Question: Why they are all assume it trivial, but I cannot make it commute the diagram in the first axiom of being, linear algebraic group (for $A=k[s]$).
Definition 3.48.(ref.Mukai An Introduction to Invariants and Moduli (Cambridge Studies in Advanced Mathematics) Let $A$ be a finitely generated $k$-algebra. Then $G=\mathrm{Spm} A$ is called an affine algebraic group if there exist $k$-algebra homomorphisms $$ \begin{aligned} & \mu: A \rightarrow A \otimes_k A \text { (coproduct) } \\ & \epsilon: A \rightarrow k \quad \text { (coidentity) } \\ & \iota: A \rightarrow A \quad \text { (coinverse) } \\ & \end{aligned} $$ satisfying the following three conditions. (i) The following diagram commutes:
$\require{AMScd}$ \begin{CD} A @>{\mu}>> A \otimes_k A\\ @V\mu VV @VV1_A\otimes\mu V\\ A \otimes_k A @>{\mu\otimes 1_A}>> A \otimes_k A \otimes_k A \end{CD}
we have also second and third axioms to be satisfied (I have checked there are no problem)

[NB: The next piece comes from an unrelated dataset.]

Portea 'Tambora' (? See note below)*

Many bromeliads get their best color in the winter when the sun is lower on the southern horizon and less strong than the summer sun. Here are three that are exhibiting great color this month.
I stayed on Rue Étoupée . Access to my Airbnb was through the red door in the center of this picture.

Problem Example 3.50. The spectrum of a polynomial ring in one variable $A=k[s]$ can be given the structure of an affine algebraic group by defining $\mu(s)=$ $s \otimes 1+1 \otimes s, \epsilon(s)=0$ and $\iota(s)=-s$. This group is denoted by $\mathbb{G}_{\mathrm{a}}$. As a functor, it assigns to a $k$-algebra $R$ the additive group $R$ itself. As a variety, of course, it is isomorphic to $\mathbb{A}^1$.

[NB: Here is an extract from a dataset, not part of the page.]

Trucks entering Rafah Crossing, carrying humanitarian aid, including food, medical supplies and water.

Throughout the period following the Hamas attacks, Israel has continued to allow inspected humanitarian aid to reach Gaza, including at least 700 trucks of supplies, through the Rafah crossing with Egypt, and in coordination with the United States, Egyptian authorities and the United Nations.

The attempt Since our $k-$ Algebra is a polynomial ring $k[s]$ let us try with only $s\in A=k[s]$
$s$ is sent to $s \otimes 1+1 \otimes s$ then, by $1\otimes\mu $, sent to $s\otimes 1 \otimes 1+ s\otimes1\otimes1+ 1\otimes s \otimes 1 +1\otimes 1\otimes s$
in other way
$s$ is sent to $s \otimes 1+1 \otimes s$ then, by $\mu \otimes1 $, sent to $s\otimes 1 \otimes 1+ 1\otimes s \otimes1+ 1\otimes 1 \otimes s +1\otimes 1\otimes s$
So in this calculations $3$ terms in each sides are cancelled but $s\otimes 1\otimes 1$ and $1\otimes 1\otimes s$ clearly since $s$ is not in the field $k$ we cannot take it to in front of the equation.
So what am I missing, can you point it out?